_Dataset content:_
________________________________________

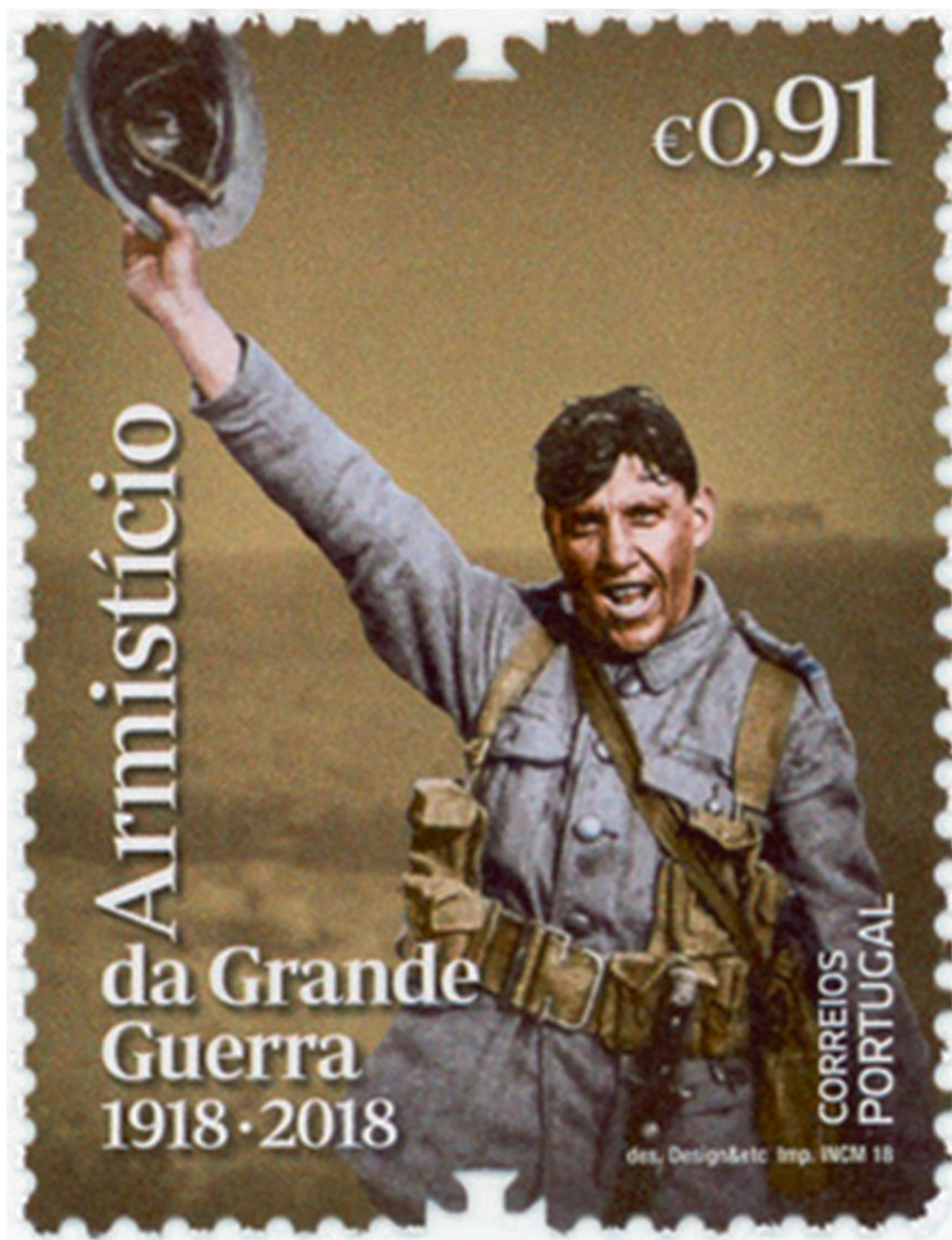
Selo emitido pelos CTT-Correios de Portugal para comemorar o Centenário do Armistício da Grande Guerra.
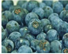
ブルーベリー 丸森町産、蔵王町産

出始めの「豊水」。宮城の梨は甘みもジューシーさもバツグンです。まずはお試しください。

________________________________________

_Instructions for the task:_ Everything in the listing must be restated word for word, except for the pictures.

_Output below:_
Selo emitido pelos CTT-Correios de Portugal para comemorar o Centenário do Armistício da Grande Guerra.
ブルーベリー 丸森町産、蔵王町産

出始めの「豊水」。宮城の梨は甘みもジューシーさもバツグンです。まずはお試しください。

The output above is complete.